Atualmente, os fabricantes e prestadores de serviços de saúde responsáveis pela distribuição de vacinas COVID-19 estão em sua maioria imunes a ações judiciais civis, mesmo que aqueles que buscam indenizações em dinheiro tenham comprovação médica de seus danos relacionados à vacina.

Isso porque a Lei de Prontidão Pública e Preparação para Emergências (PREP) de 2005 limita a responsabilidade pela fabricação, desenvolvimento e distribuição de contramedidas médicas relacionadas a uma emergência de saúde pública.

A Lei do PREP também criou o Programa de Compensação de Danos por Contramedidas (CICP), que tem prazo prescricional de um ano e só prevê indenização em caso de morte ou lesão grave. De acordo com Roy, o CICP indenizou as pessoas apenas 11 vezes, apesar de milhares de reclamações apresentadas.

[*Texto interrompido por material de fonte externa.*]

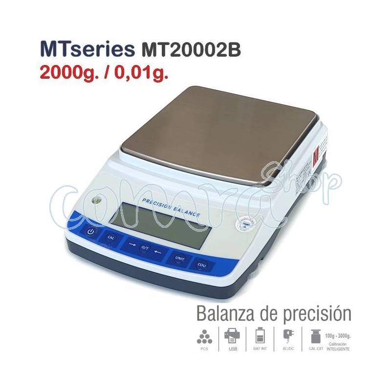 Balanza MTseries Mod. MT20002B. Capacidad 2000 gr. / 0,01 gr. Serie de Precisión Económica, de dimensiones reducidas, ideal para todo uso.
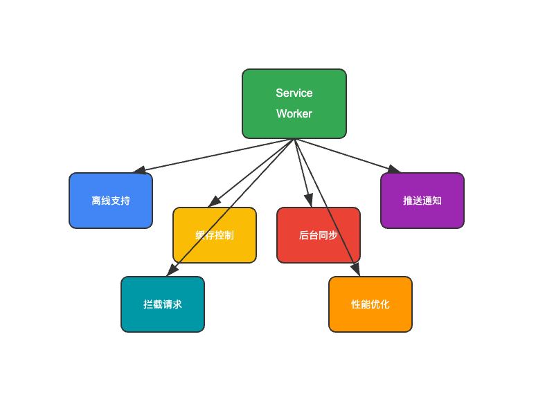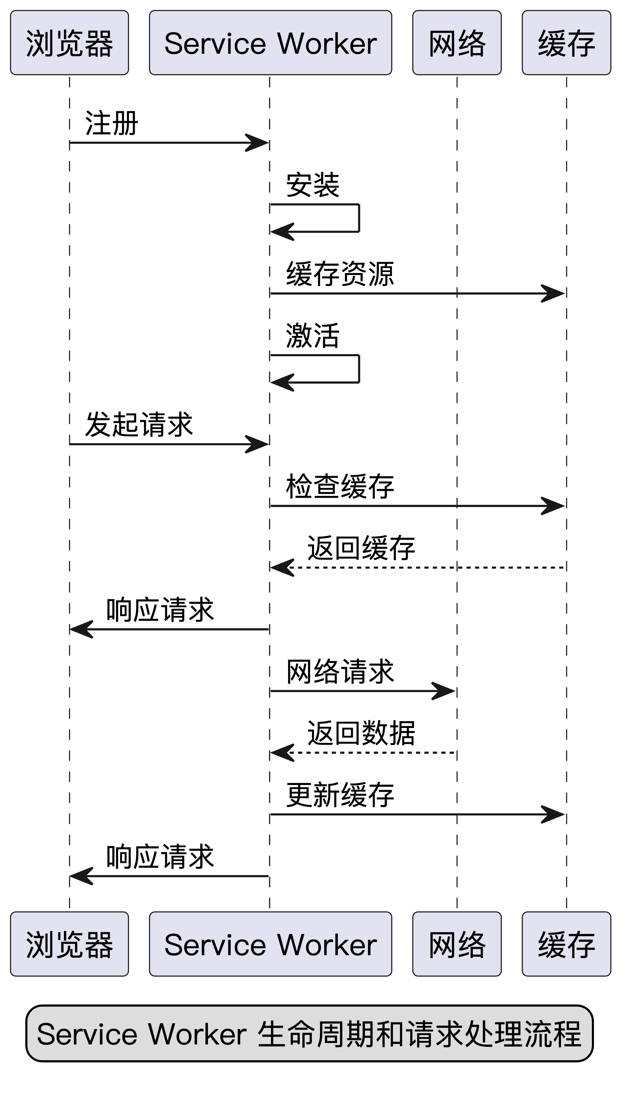 Cache API 是 Service Worker 的核心组件之一,用于存储和检索网络请求:
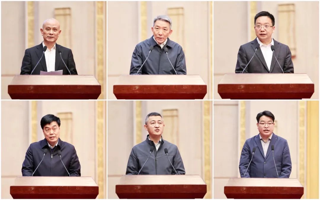 彭凡、郝向峰、曹建偉、汪世峰、莊寧5名企業(yè)家和商協(xié)會代表朱鳳杰(從左至右、從上至下)發(fā)言。
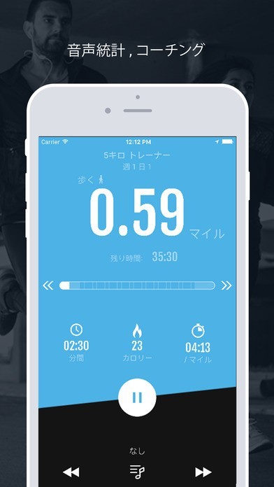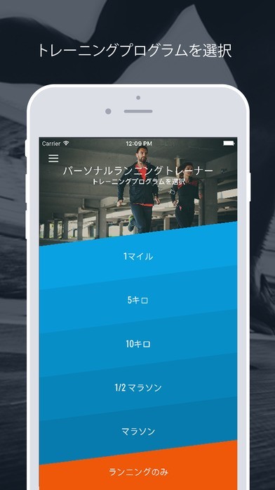 App Storeより引用あなたの目標が短距離でもマラソンでも、パーソナル・ランニング・トレーナーはあなたの一歩と共にあります。音声指示が、あなたのタイム、距離やペースについてリアルタイムに詳しくアップデートしてくれます。インターバル・トレーニングプランは、あなたの目標距離に合わせたワークアウトを通してコーチングしてくれます。搭載された音楽プレーヤーがあなたのモチベーションを保ちます。ワークアウトはそれぞれ異なります。トレーニングプランには4〜16週間の幅があり、週に3〜4回のワークアウトがあります。
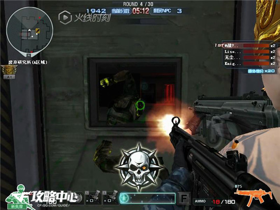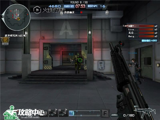 首先我们玩家一入场,这时玩家们都在一个封闭的房间内,根据背景故事的介绍,这时我们是在固守待援,外部支援正在努力为我们打开求生之路,这时我们所处的场景为废弃研究所A区域,还有一点与之前介绍过的挑战模式地图不同的是,在绝命之谷这张地图中,我们玩家的武器不是自带的,需要从补给箱中拾取,这一阶段XM1014和MP5都是不错的武器。
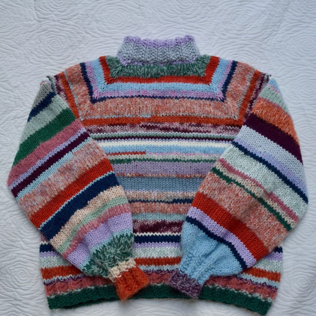 6. Damit der Effekt der verschiedenen Farben künstlerisch abwechslungsreich aussieht, wenn die Farben gestrickt/gehäkelt sind, kannst du schauen, dass du Fäden von unterschiedlicher Länge nacheinander nimmst, damit gestrickt/gehäkelt der eine Teil mal mehrere Reihen breit nur kurz, wie bei meinem Pullover. Ich habe auch immer darauf geachtet, dass die Farben, die nacheinander kommen, schön nebeneinander aussehen und dass ich auch regelmässig helle und dunkle Farben, sowie blasse und knallige Farben verteile.
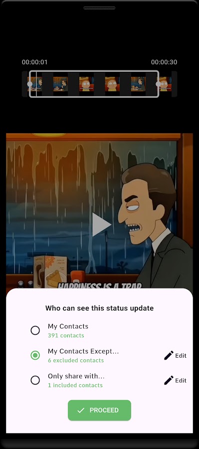 Настройте, кто может просматривать ваш статус: выберите весь список контактов, включите определенные контакты или исключите несколько.
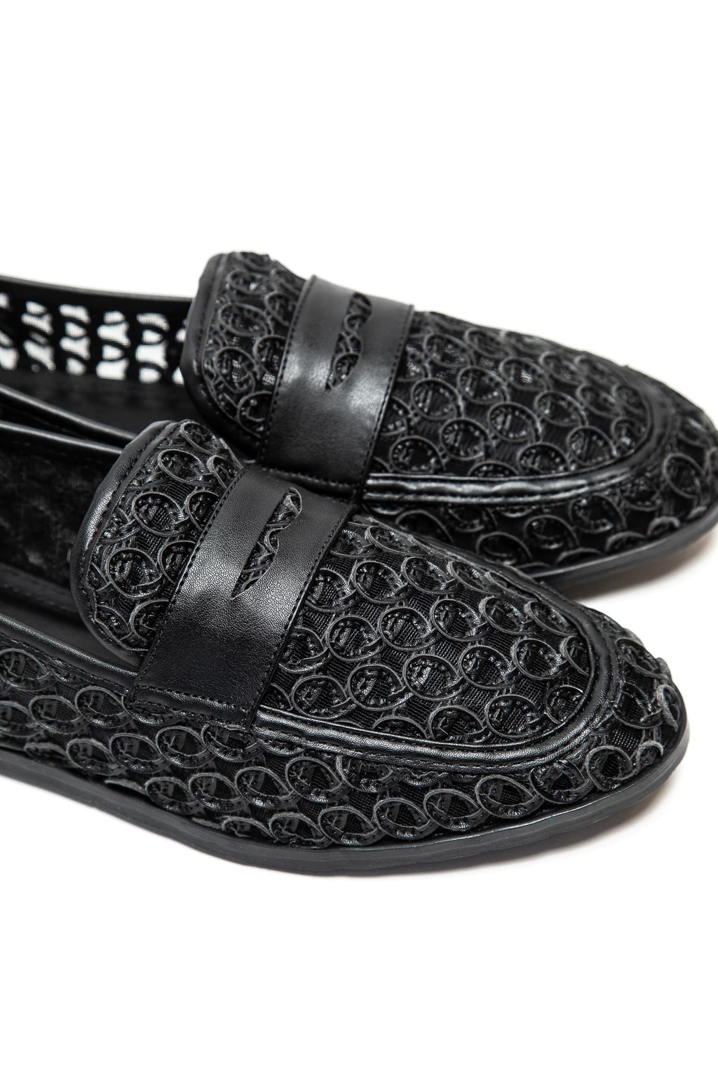 Chata Liguria Negro, un modelo tipo mocasín pensado para quienes buscan comodidad y distinción. Su diseño destaca por la delicada confección en material bordado sobre tul, aportando un toque artesanal y sofisticado a tu look.
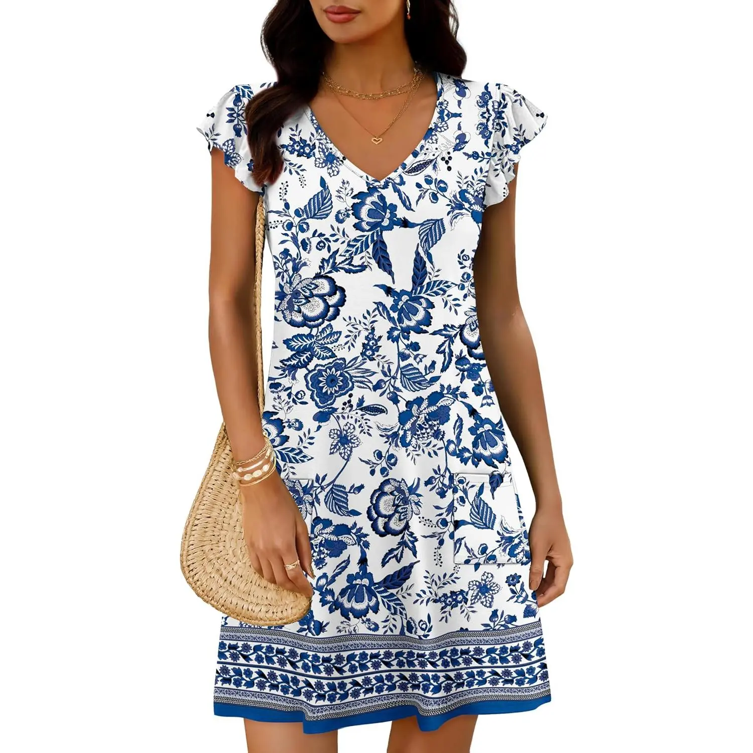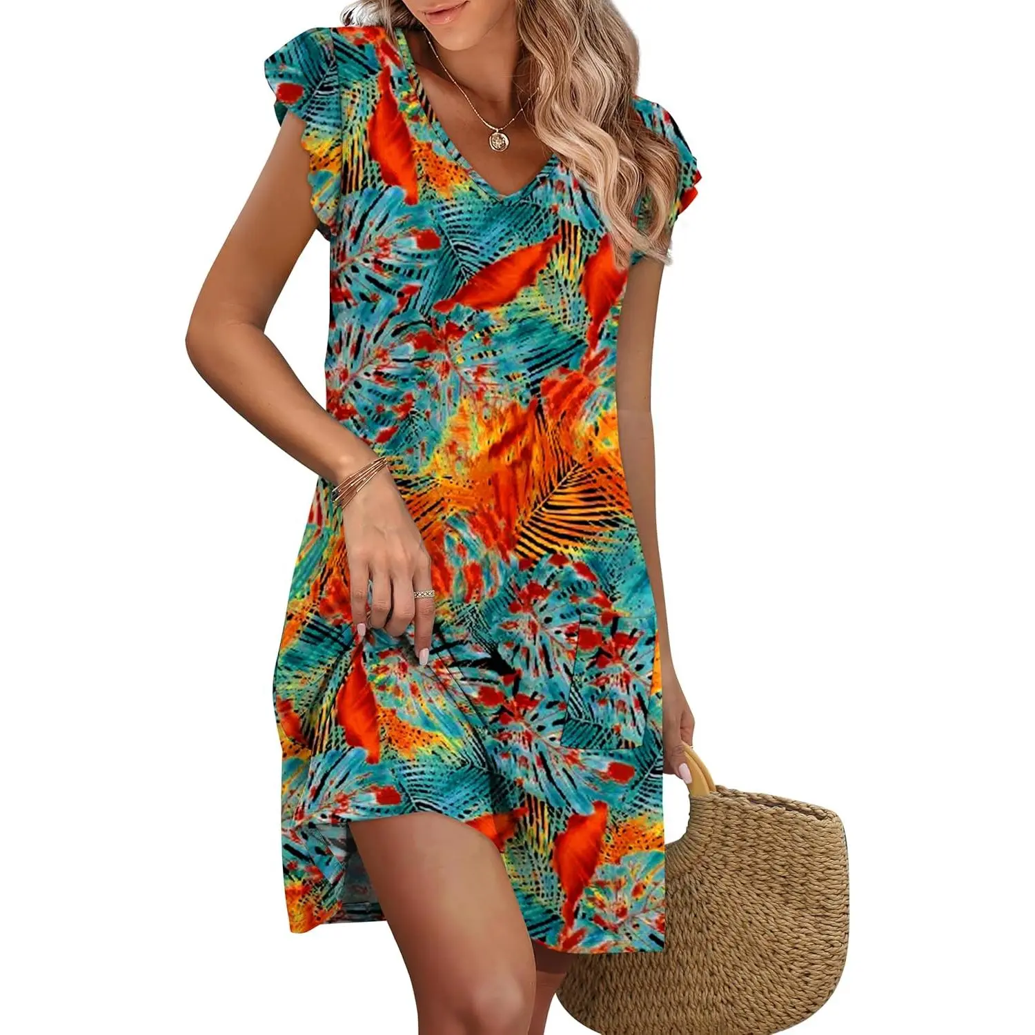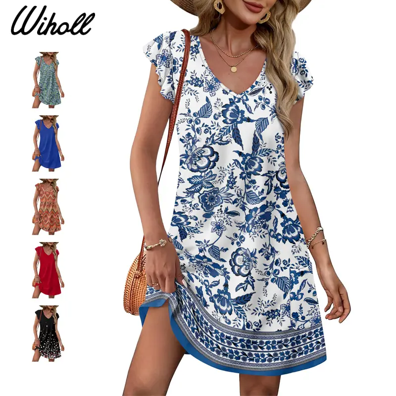 2026 Women‘s V-Neck Swing Dress – Ruffle Sleeves + Pockets!
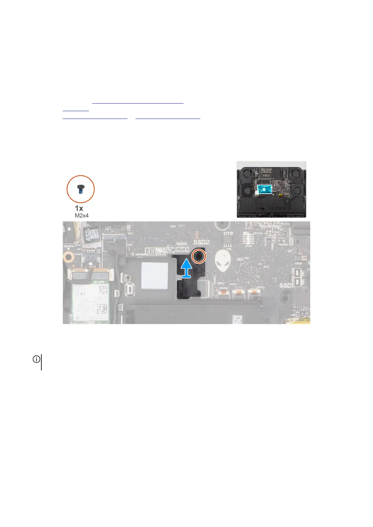 1. Remove the screw (M2x4) that secures the solid state drive bracket to the palm-rest and keyboard assembly.
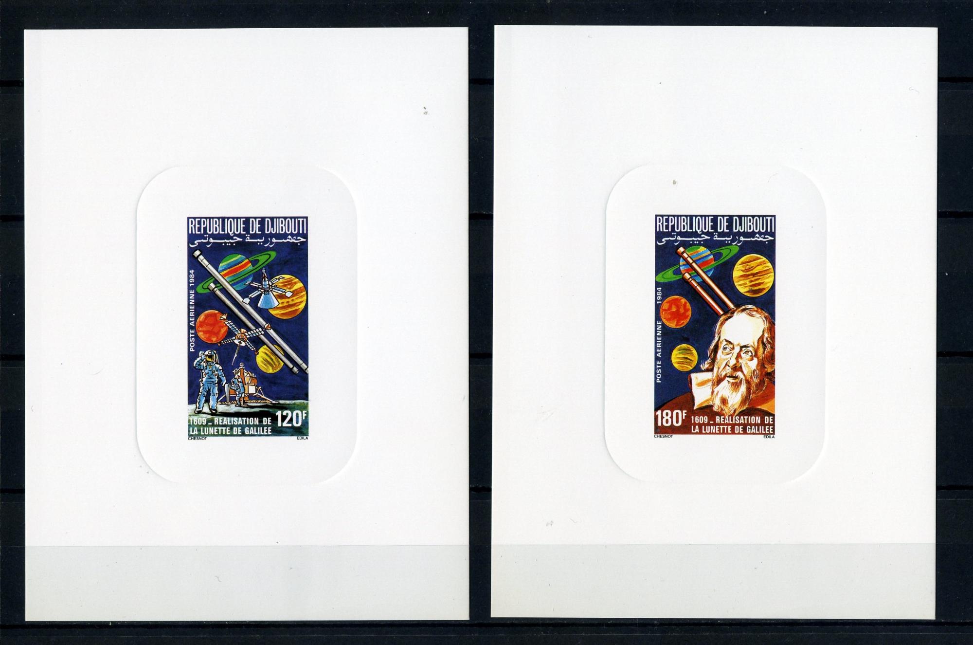 Почтовые марки. Джибути. 1984г. Космос. Галилей. №420-421. Люкс-Блоки. Тиснение.
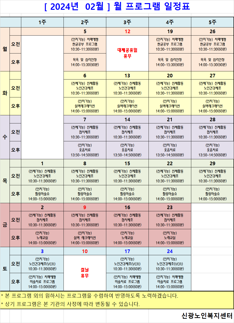 2024³â 2¿ù ÇÁ·Î±×·¥ ÀÏÁ¤Ç¥
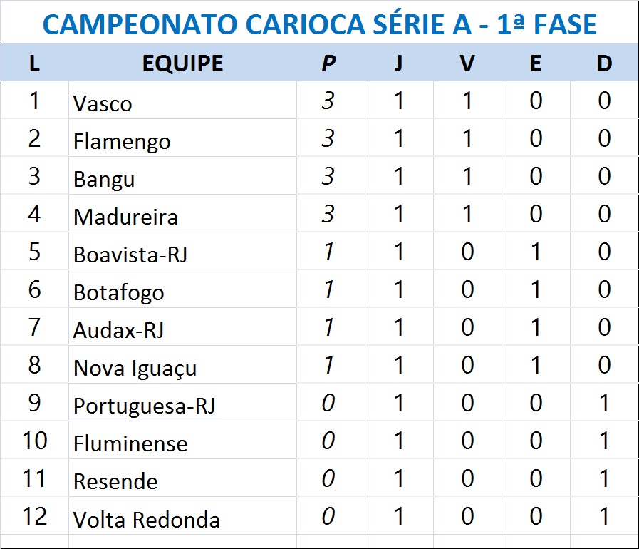Apenas uma partida fechou a primeira rodada da Taça Guanabara - primeiro turno do Campeonato Carioca - na noite desta quinta-feira. Mesmo contando com a estreia de seis reforços: Willian Bigode, Nathan, Pineida, Cris Silva, Cano e Felipe Melo, o Fluminense acabou derrotado pelo Bangu, por 1 a 0, no Estádio Luso Brasileiro, na Ilha do Governador, no Rio de Janeiro.
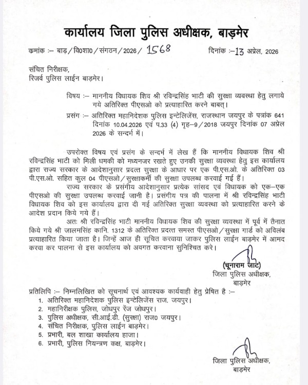 बाड़मेर | बाड़मेर की शिव विधानसभा सीट से निर्दलीय विधायक रविंद्र सिंह भाटी की सुरक्षा में अचानक की गई कटौती ने राजनीतिक हलकों में हलचल पैदा कर दी है। उनकी सुरक्षा में तैनात चार जवानों में से तीन को हटा लिया गया है, जिसके बाद अब उनके पास केवल एक पीएसओ (PSO) बचा है।
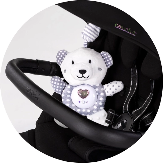 Hľadáte nežného parťáka, ktorý vaše bábätko zabaví a zároveň upokojí? Plyšový medvedík CHIPOLINO Teddy Bear kombinuje mäkké materiály, príjemné melódie a jemné svetlo, aby vytvoril útulné prostredie na odpočinok aj hranie. Vďaka praktickému klipu ho ľahko pripevníte na kočík, autosedačku či postieľku.
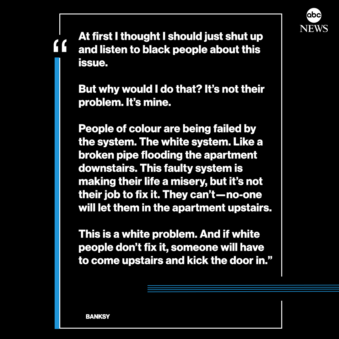 MORE: British street artist Banksy urges action in statement released with new artwork: "People of colour are being failed by the system. The white system...This faulty system is making their life a misery, but it’s not their job to fix it." http://abcn.ws/375uZTs pic.twitter.com/9wdgZUSqJL
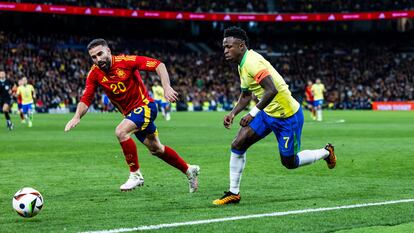 Brasil apenas asomaba en alguna conducción de Rodrygo, sin apenas señales de Paquetá por el centro, mientras Yamal y Nico regalaban un recital. En una de las fugas del extremo del Athletic, el árbitro creyó ver penalti, aunque luego colocó la pelota para la falta fuera del área. Él y Yamal eran un tormento indescifrable. El azulgrana filtró un pase a Olmo, que se sumó a la fiesta con un caño a Beraldo, un regate hacia fuera y el 2-0. España fluía en todos sus registros y en Brasil no aparecía ni Vinicius, el centro del partido contra el racismo, un amistoso que dejó de serlo muy pronto. Pese a la cartelería de buen espíritu, se cruzaban dos selecciones de fuste, que no estaban dispuestas a ceder un centímetro ni en un córner: empujones, choques, reclamaciones al árbitro y una breve sucesión de amarillas subrayaron los picos de voltaje.

"Milhões de americanos foram forçados a tomar uma vacina COVID-19 por medo de perder seus meios de subsistência e sob falsos pretextos", disse Roy à Fox News Digital. "Muitos enfrentaram danos com a vacina, mas poucos foram atendidos... recurso. Até o momento, apenas 11 pedidos de indenização foram pagos, apesar de quase 700 milhões de doses da vacina terem sido administradas.

Apesar da declaração de emergência de saúde pública para a pandemia de COVID-19 expirar em maio passado, as proteções de responsabilidade da Lei PREP para a vacina devem durar principalmente até o final deste ano, de acordo com um relatório do Serviço de Pesquisa do Congresso.

A Lei de Responsabilidade de Roy permitiria que os americanos que alegassem ser prejudicados pela vacina processassem retroativamente os fabricantes, apesar das proteções mencionadas.

Embora creditada por salvar inúmeras vidas durante a pandemia, a vacina COVID-19 também foi responsabilizada por críticos por efeitos colaterais, como coágulos sanguíneos, derrames e até morte súbita.

Muitos desses casos ainda requerem mais estudos, mas é uma tendência que alarmou os legisladores republicanos que há muito dizem que a obrigatoriedade da vacina COVID-19 é uma violação do direito dos americanos à privacidade.

Roy liderou a acusação contra esses mandatos de vacina, incluindo liderar os esforços para reverter os mandatos de vacina COVID-19 nas forças armadas dos EUA. Seu último projeto de lei tem pelo menos uma dúzia de co-patrocinadores do Partido Republicano da Câmara.